Moderate (M): /diff aggregate session changes (reuse _render_diff) · /cost token counter · /export transcript to file · /memory edit memory files in $EDITOR · AskUserQuestion tool ✅ SHIPPED (v1.12.0) · multimodal/notebook Read (image/PDF/.ipynb) · NotebookEdit tool · MCP resources (resources/list/read), prompts (prompts/list/get), OAuth/bearer auth, progress notifications · hooks: ✅ matchers + multiple-per-event SHIPPED (v1.23.0); shell hooks + fire-all-events + shell/command hooks + actually fire all 28 events (today only PreToolUse/PostToolUse/PermissionDenied dispatch) · microcompaction (cache-aware tool-result eliding, runs every turn, cheaper than full compaction) · word-level intra-line diff highlighting ✅ SHIPPED (v1.22.0) · distinct styled panel for API ThinkingBlocks · inline image rendering (iTerm/kitty protocol).

Worktree / Sleep / Config tools (M/S): EnterWorktree/ExitWorktree (isolated git worktree under .mantis-agent/worktrees/), Sleep (interruptible wait, no held shell), Config (model-driven settings get/set).

⚫ Skip — Anthropic-infra-specific, not worth it for an OSS local agent

Team/Task/Coordinator swarm tools · SendMessage (inter-agent sockets) · ScheduleCron/RemoteTrigger (hosted cron) · Brief (Kairos proactive channel) · REPL ("code-mode") · login/logout/feedback/extra-usage/install-slack-app/install-github-app/billing commands · PowerShell (unless Windows-native is a goal).

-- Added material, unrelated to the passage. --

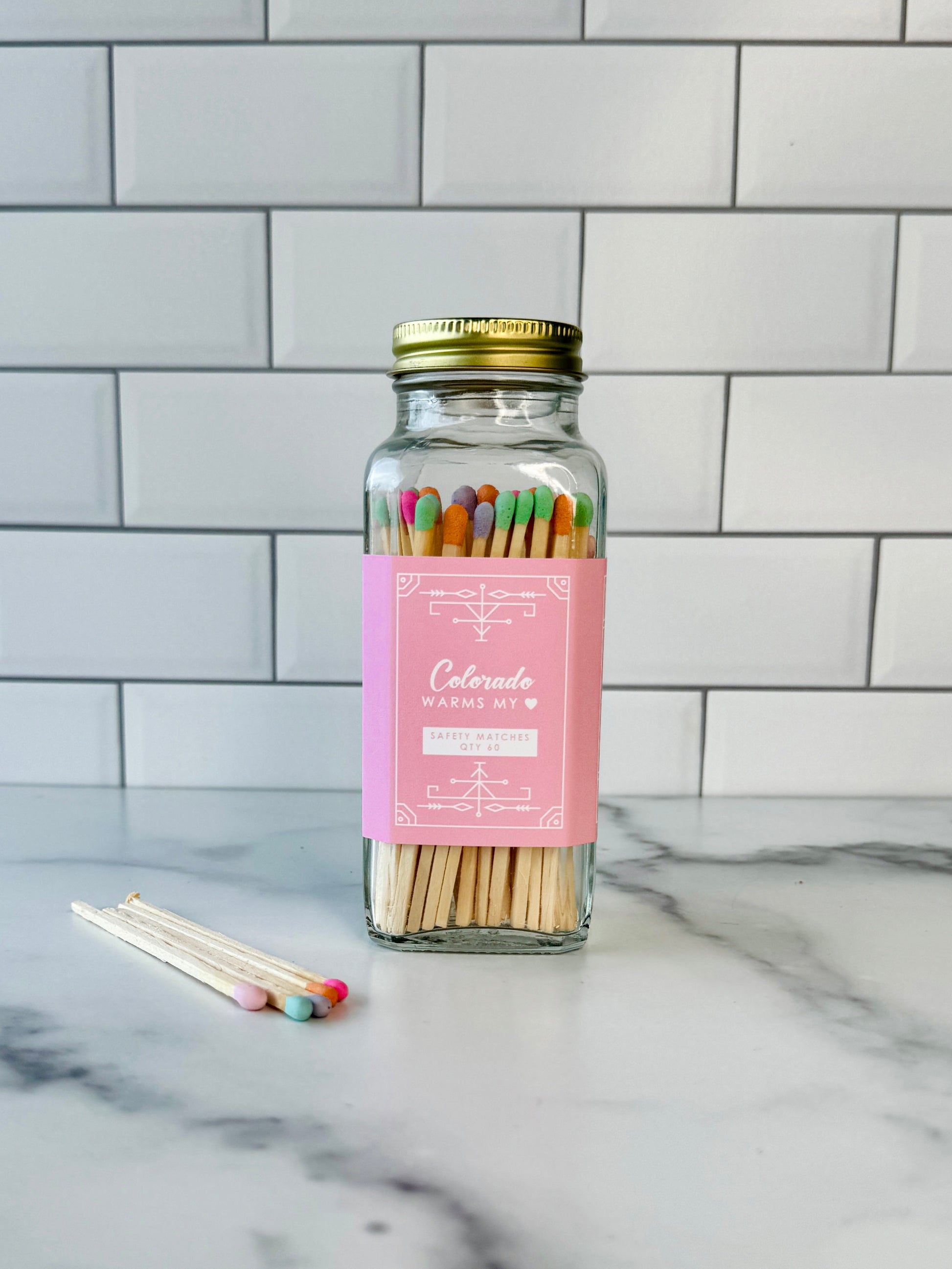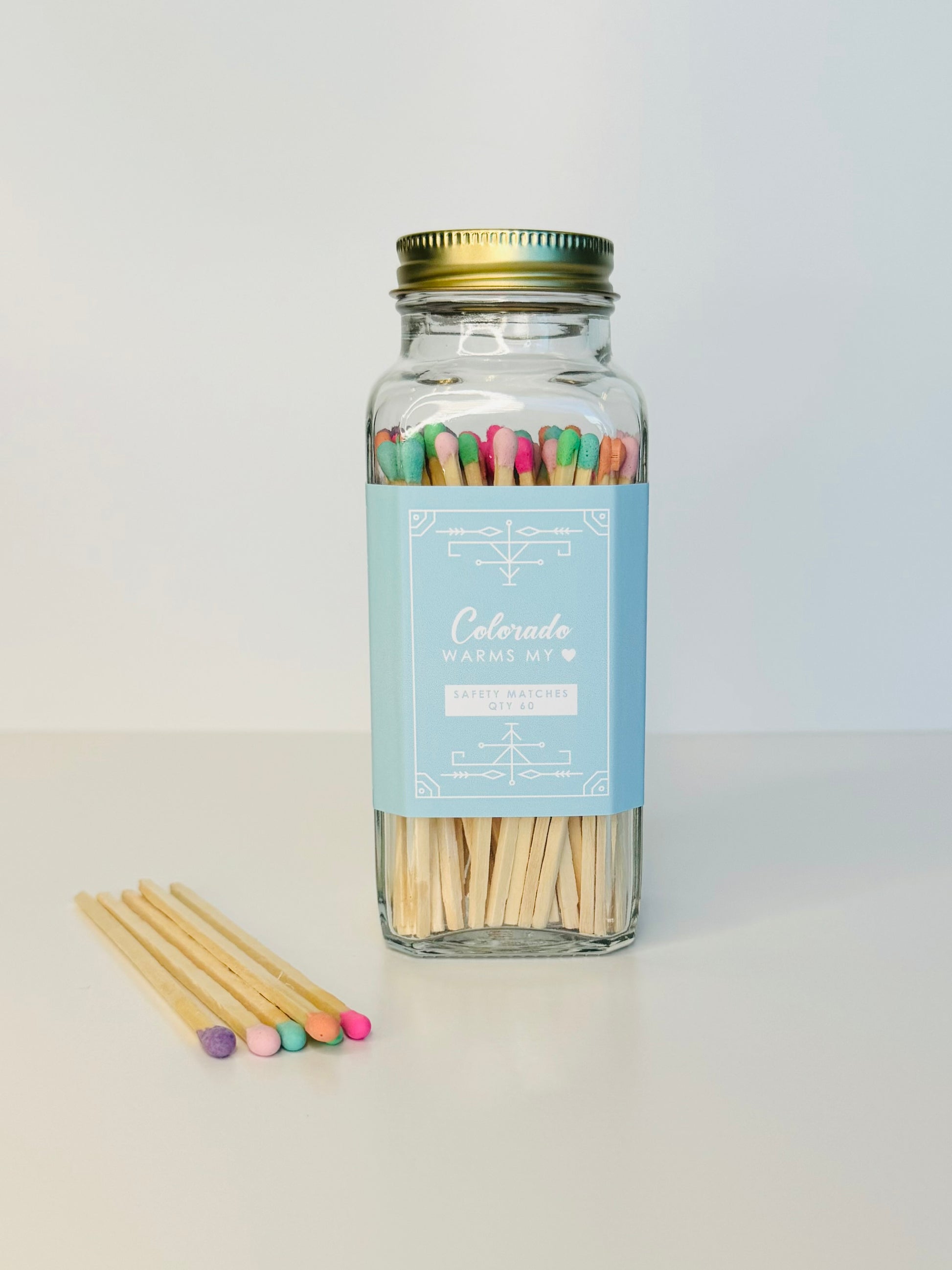 Our stylish safety matches are the perfect gift along side one of our soy coconut wax candles. Each clear jar contains 60 matches with a striker located on the bottom. Be sure to use caution and handle with care. Close the bottle before striking the match. Always keep out of reach of children and pets.

Where mantis already matches or beats the reference (don't "fix" these)

Sessions fork/rewind/checkpoint (session_tree.py) · mid-stream parallel tool dispatch · OSS-model text-tool-call salvage + repeated-call circuit breaker (genuinely ahead) · tracing (InMemoryTracer/OTelTracer) · per-model modelUsage + budget · the diff/markdown/streaming rendering · plan-mode read-only gating (the enforcement exists; only the approval handoff is missing) · SDK message shapes 1:1.

Suggested execution order

T0.1 → T0.5 (one focused, tested release each — small diffs, plumbing exists).
T1.1 (@-mentions) + T1.2 (/init + project memory) — biggest UX jump.
T1.4 (tool upgrades) + T1.5 (/context) + T1.7 (structured summary) — quick quality lifts.
Then T1.3 (skills), T1.6 (plan handoff), and T1.8 (LSP) as larger efforts.

Ship each as its own version per the release workflow in AGENTS.md. Verify the wheel imports before publishing.